T3 treatment increased the spontaneous contractile force generation from ~7.5 nN/cell to ~12.3 nN/cell (Fig. 3). Using different approaches and substrates of varying stiffness, individual hPSC-CM forces have been measured in the range of 0.1 nN to almost 100 nN^31-35. Typically, cardiomyocytes generate more force on stiffer substrates. For this current study, we used arrays of microposts to measure the contractile force produced by individual hiPS-derived cardiomyocytes. A recent study³⁵ employed similar microfabricated platforms to measure the contractile force of human embryonic stem cell-derived cardiomyocytes. They recorded forces between 50 and 100 nN/cell for cells seeded onto 0.01 N/m (10 nN/μm) microposts. These values are almost ten times larger than the results that we found for our control group. A number of different variables could have led to this discrepancy, including different stem cell lines, differentiation and culture conditions, different device calibrations, etc. Additionally, it is worth mentioning that without cell staining in the study by Taylor et al, it may be hard to differentiate whether the forces measured were generated by individual cardiomyocytes or by clusters of cardiomyocytes. Furthermore, since the microposts used in their study were about 10 times larger than the ones we used, it is possible that there were more integrin molecules engaged (and thus, focal adhesion complexes) between the cells and posts in their studies. The spacing may also have led to the elongation and myofibrillar alignment of these cells. However, without sarcomeric visualization, one cannot assess the alignment hypothesis and determine exactly how many cells contributed to the measured force.
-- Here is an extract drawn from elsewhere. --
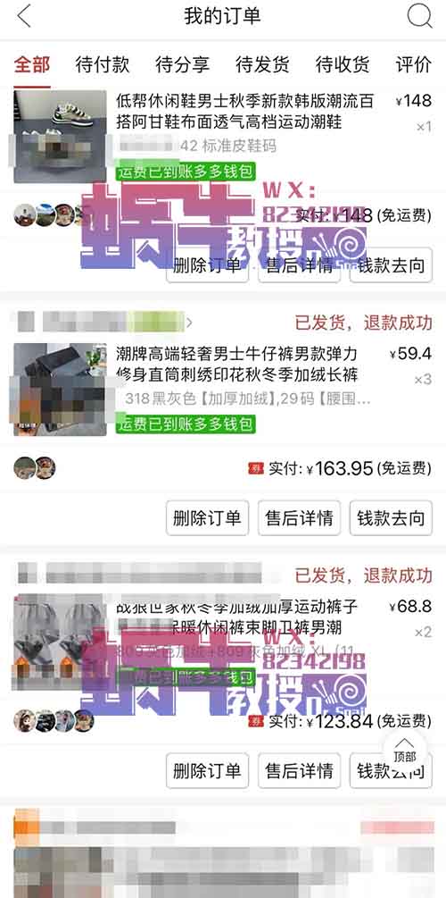 在精心培育账号一段时间后,便可在平台上寻觅心仪的商品,随即果断下单,一次性选购三至四件商品并完成支付。

Assessment of mitochondrial function showed a significant 1.5-fold increase in maximal respiratory capacity after T3 treatment, which indicates a more mature metabolic state of the cardiomyocytes. Although this could theoretically result from increased mitochondria biogenesis, neither the mtDNA/nDNA ratio nor the mitochondrial volume fraction supports this possibility. Remaining possibilities include: 1) increased respiratory chain protein content, or 2) increased activity of existing respiratory chain proteins. The exact mechanism underlined this effect remains to be explored. Mitochondrial respiratory reserve capacity serves the increased energy demands when cells are subjected to stress, thereby helping maintain cell and organ function, cellular repair, or detoxification of reactive species³⁶. T3 treatment led to an increase in respiratory reserve capacity, indicating that the treated cells may perform better under increased energy demands.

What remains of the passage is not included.